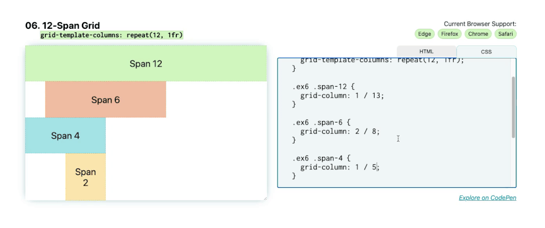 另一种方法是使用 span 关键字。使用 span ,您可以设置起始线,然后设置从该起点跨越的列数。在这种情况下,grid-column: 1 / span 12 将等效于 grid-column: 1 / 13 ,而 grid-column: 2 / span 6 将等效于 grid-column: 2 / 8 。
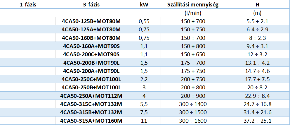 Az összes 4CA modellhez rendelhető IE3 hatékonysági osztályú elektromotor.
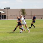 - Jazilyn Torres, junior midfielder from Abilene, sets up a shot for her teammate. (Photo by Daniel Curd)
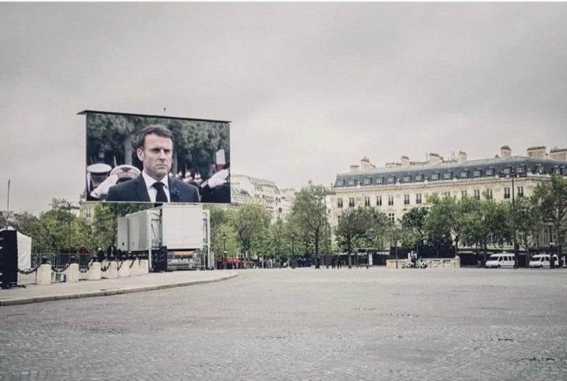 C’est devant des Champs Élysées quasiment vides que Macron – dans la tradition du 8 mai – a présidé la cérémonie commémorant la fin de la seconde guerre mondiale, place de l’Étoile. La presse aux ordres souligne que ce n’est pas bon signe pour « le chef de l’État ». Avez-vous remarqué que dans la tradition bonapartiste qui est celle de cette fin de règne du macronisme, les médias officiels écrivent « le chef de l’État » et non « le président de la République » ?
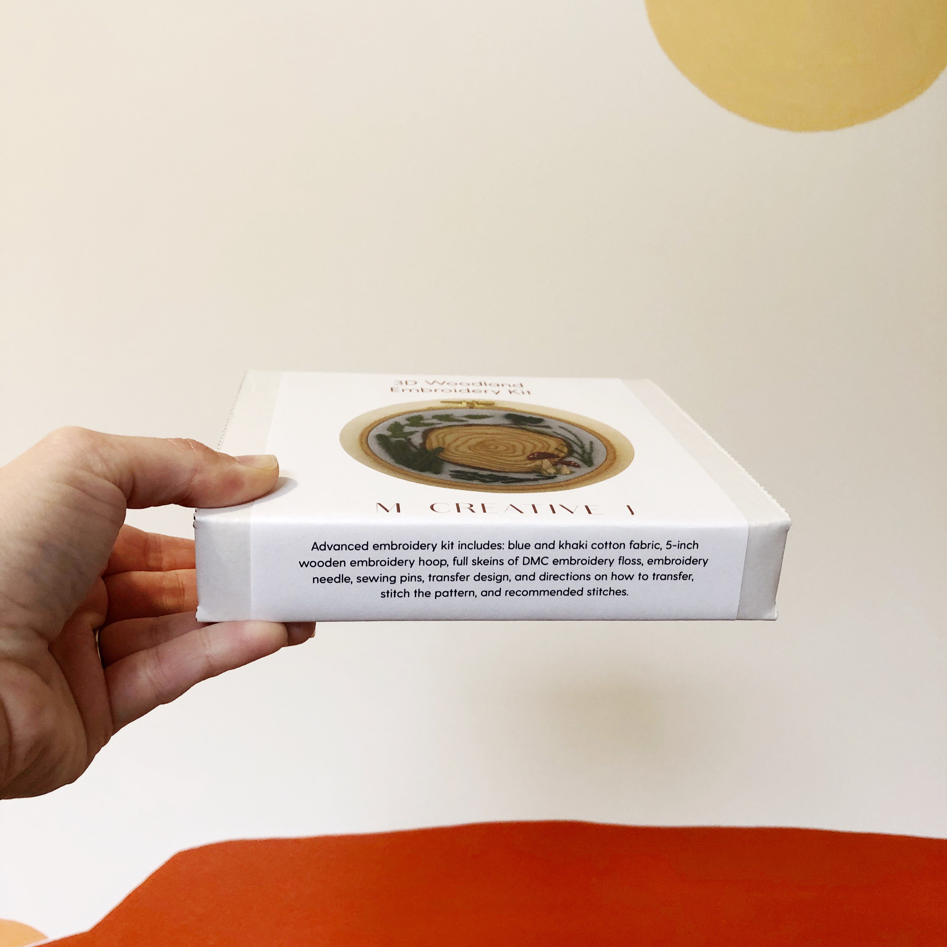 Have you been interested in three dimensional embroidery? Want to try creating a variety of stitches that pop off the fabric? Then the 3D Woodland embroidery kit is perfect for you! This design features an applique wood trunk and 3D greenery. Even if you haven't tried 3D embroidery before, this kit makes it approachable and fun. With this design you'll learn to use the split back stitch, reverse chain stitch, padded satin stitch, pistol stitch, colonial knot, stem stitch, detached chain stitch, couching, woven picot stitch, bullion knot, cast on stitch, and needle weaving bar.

______

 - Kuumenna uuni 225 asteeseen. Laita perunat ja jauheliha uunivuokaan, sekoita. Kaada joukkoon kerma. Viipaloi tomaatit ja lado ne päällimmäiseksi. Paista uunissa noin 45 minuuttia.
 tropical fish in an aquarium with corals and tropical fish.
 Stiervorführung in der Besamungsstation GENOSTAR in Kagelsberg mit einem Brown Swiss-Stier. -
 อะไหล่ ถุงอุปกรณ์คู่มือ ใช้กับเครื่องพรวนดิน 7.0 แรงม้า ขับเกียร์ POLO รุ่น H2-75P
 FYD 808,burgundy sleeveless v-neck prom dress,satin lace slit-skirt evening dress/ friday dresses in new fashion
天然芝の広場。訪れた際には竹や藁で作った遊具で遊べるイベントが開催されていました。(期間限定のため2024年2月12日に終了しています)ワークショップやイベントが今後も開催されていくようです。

______

[Problem statement]
Beginning at the line above that contains "- Kuumenna uuni", return each line exactly through the line that contains "tropical fish in", and no others.

[Solved exercise]
 - Kuumenna uuni 225 asteeseen. Laita perunat ja jauheliha uunivuokaan, sekoita. Kaada joukkoon kerma. Viipaloi tomaatit ja lado ne päällimmäiseksi. Paista uunissa noin 45 minuuttia.
 tropical fish in an aquarium with corals and tropical fish.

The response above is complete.